American associate professor and researcher

Emily Skidmore is an associate professor, a researcher and the author of True Sex. She is currently a history professor at Texas Tech University where she is also the director of graduate studies.

== Biography ==
For her award-winning book True Sex: The Lives of Trans Men at the Turn of the Twentieth Century, Skidmore gathered historical evidence of trans men in the United States from the 1876 to 1936 using newspapers and census and court documents. Some of the trans men documented included Joseph Lobdell and Ralph Kerwineo. Rorotoko featured Skidmore and her book in a cover interview discussing her discovery of historical records of trans men in rural areas. True Sex marks a historical deviation from the normative argument of that queer folks generally move to cities. Skidmore argues that the history of queer America may look different than the stories that currently predominate. She has been extensively quoted in the works of others such as Kritika Agarwal's 2018 article in Perspectives on trans history. The book has been extensively reviewed with commentary supporting the possibility of reframing the history of queer people in the United States.

Skidmore's works center on LGBTQ2+ issues, with a focus of transgender history.
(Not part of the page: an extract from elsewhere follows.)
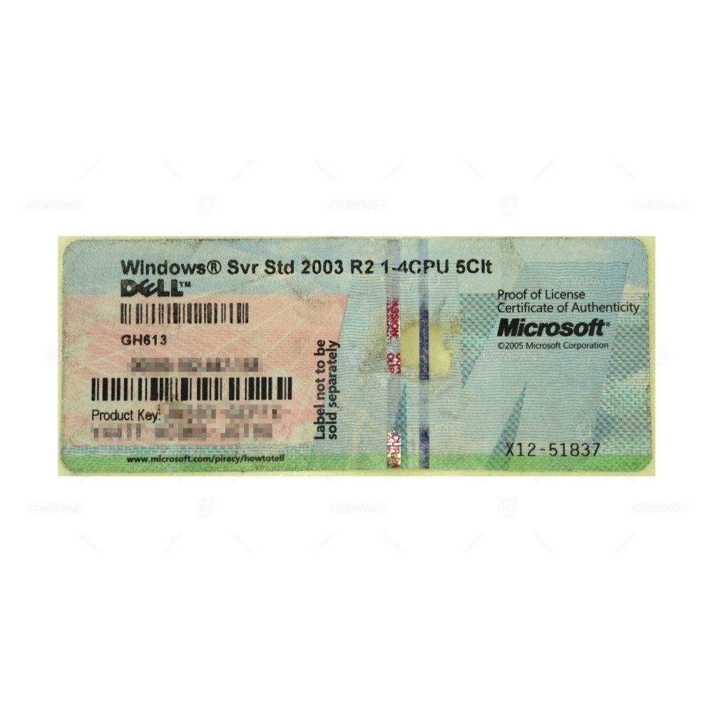 X12-51837-DELL WINDOWS SVR STD 2003 R2 1-4CPU 5CLT GH613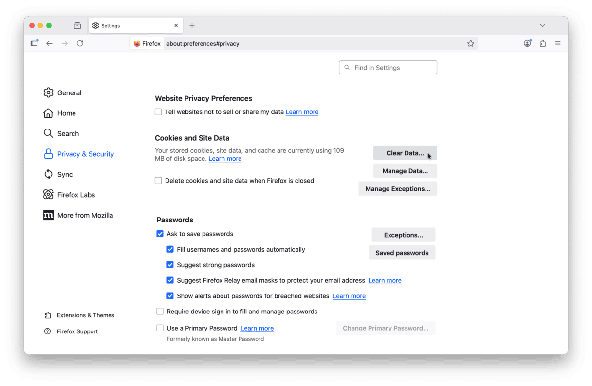 - Clearing cache does not delete autosaved passwords or other autofill data.

Some of Skidmore's works have an intersectional approach and she has had twelve articles been published in ten journals. Skidmore's work has been included in A Companion to American Women's History and her historical perspective has also been interviewed and quoted regarding the origins of the American women's suffrage movement. She has contributed to the creation of the Global Encyclopedia of Lesbian, Gay, Bisexual, Transgender, and Queer (LGBTQ) History, as an editor.
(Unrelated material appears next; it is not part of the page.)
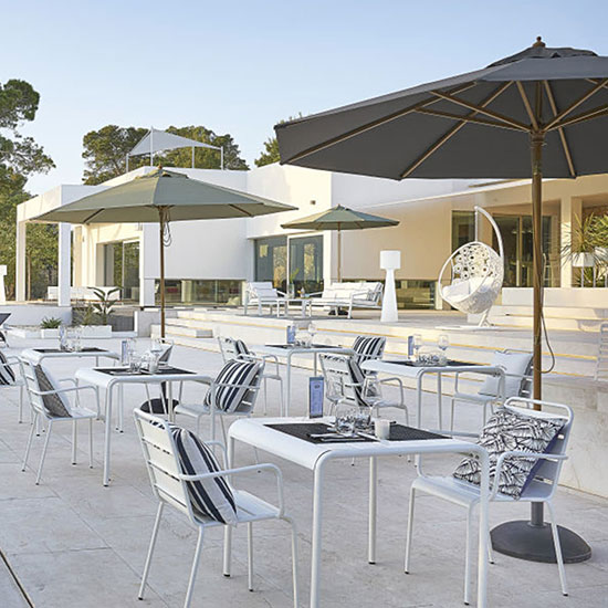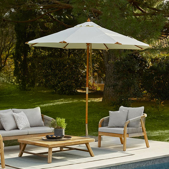 Avec sa silhouette élancée, ce parasol rond et droit ne manque pas d’allure.

Skidmore's 2004 B.A. from Macalester College and 2011 Ph.D. from University of Illinois were both in history. She is currently an associate professor in history at the Texas Tech University.

Skidmore has been featured in podcasts with Marshall Poe in 2019 and Backstory.

== Works ==

=== Books ===
- Author, True Sex: The Lives of Trans Men at the Turn of the Twentieth Century ISBN 9781479870639
- Editor, Global Encyclopedia of Lesbian, Gay, Bisexual, Transgender, and Queer (LGBTQ) History, 1st Edition ISBN 9780684325545

=== Selected articles ===
- Skidmore, E. (2011). Constructing the "Good Transsexual": Christine Jorgensen, Whiteness, and Heteronormativity in the Mid-Twentieth-Century Press. Feminist Studies, 37(2), 270–300.
- Skidmore, E (2011). Exceptional queerness: defining the boundaries of normative U.S. citizenship, 1876-1936 (Thesis). University of Illinois at Urbana-Champaign.

=== Online works ===
- Troubling Terms: The Label Problem in Transgender History, Notches, November 28, 2017.
- Life as a Trans Man in Turn-of-the-Century America, Literary Hub, September 22, 2017.

== Awards ==
- 2019, President's Faculty Book Award from Texas Tech University
- 2018, U.S. History PROSE Award winner for True Sex: The Lives of Trans Men at the Turn of the Twentieth Century.
- 2018, Outstanding Teaching award from the History Graduate Student Association at Texas Tech University.
- 2016, Audre Lorde prize winner for her article Ralph Kerwineo’s Queer Body: Narrating the Scales of Social Membership in the Early Twentieth Century'.